Gabriela Biló/Estadão
Gabriela Biló/Estadão

Para Temer, desentendimento entre Cunha e Renan não é pessoal

Vice-presidente tentou colocar panos quentes em discussões entre o presidente da Câmara e o presidente do Senado sobre temas como o projeto da terceirização

José Roberto Castro, O Estado de S.Paulo

28 Abril 2015 | 11h13

BRASÍLIA - O vice-presidente da República, Michel Temer (SP), colocou panos quentes na discussão entre os presidentes da Câmara e do Senado, seus correligionários Eduardo Cunha (RJ) e Renan Calheiros (AL). Temer fez questão de ressaltar que o desentendimento entre os peemedebistas não é pessoal, que o Legislativo é o lugar próprio para conflitos e que são as Casas que vão decidir sobre o projeto de lei da terceirização. A proposta, aprovada na semana passada pela Câmara, deve passar agora pelo Senado. 

Temer usou ainda a cultura do PMDB para amenizar a disputa. Segundo o vice-presidente, "o PMDB sempre foi partido de muitas opiniões" e que o trabalho do partido é "juntar essas opiniões". 

O vice-presidente explicou seu projeto de reforma política a deputados na Comissão que discute o tema na Câmara. 

Ao chegar para audiência, ele mostrou otimismo sobre a articulação para a votação das medidas provisórias 664 e 665, importantes para o ajuste fiscal do governo federal. "Não creio (em alterações no texto que causem prejuízo ao ajuste). É claro que se tem de dialogar e muitas vezes o projeto original não é o projeto que subsiste. O Congresso existe para dar a última palavra, mas tenho certeza que vamos chegar a um bom termo e fazer o ajuste" , disse Temer.

Temer foi perguntado ainda sobre a decisão da presidente Dilma Rousseff de não se pronunciar em no dia 1° de maio. Companheiro de chapa de Dilma e principal articulador político do governo, Temer disse não saber os motivos de Dilma não se pronunciar no Dia do Trabalho pela primeira vez desde que assumiu o governo. 

Ele também conclamou os parlamentares a fazerem uma reforma política no Brasil, mesmo que não seja a que é defendida por ele e seu partido.
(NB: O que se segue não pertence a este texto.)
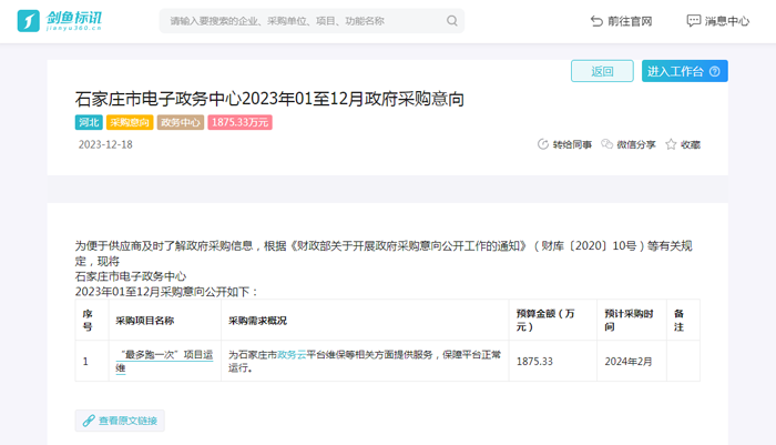 马上就要进入2024年了,新年开始又有哪些新的政务云项目即将启动招标呢?剑鱼标讯为您盘点2024年1&2月政务云招标项目。

"Quem tem aproximação de teses, junte as teses. Nem que seja para aprovar um sistema misto. Muito acima da minha posição, está o interesse do País", disse, cobrando a aprovação de um projeto até o final do ano. Segundo ele, a sociedade vai cobrar do Congresso caso isso não aconteça. "Vim para incentivá-los, se é que precisam de incentivo".

O vice-presidente defendeu que os deputados não tentem fazer uma reforma política completa, considerada por ele como difícil. Temer disse que os partidos devem escolher "três ou quatro temas" para alterações. "Se quisermos fazer uma reforma política com 12 temas, não vamos chegar a lugar nenhum", afirmou o peemedebista. Segundo ele, pode haver outras reformas políticas, mexendo em outro temas, "daqui quatro ou cinco anos".

Temer fez discurso em defesa do voto majoritário, princípio do modelo 'distritão', defendido por ele e pelo PMDB, onde os deputados mais votados são eleitos. Apesar disso, o peemedebista disse que sua posição contra o voto em lista "não é conceitual", mas conjuntural. "Nossos partidos perderam identidade programática", disse Temer, fazendo uma autocrítica, já que comanda o PMDB por mais de uma década. 

O peemedebista defendeu ainda o voto obrigatório, apesar de ser "conceitualmente" a favor do voto facultativo. Ele acredita que a "descrença" do brasileiro com a política levaria a uma grande abstenção e não daria legitimidade ao eleito.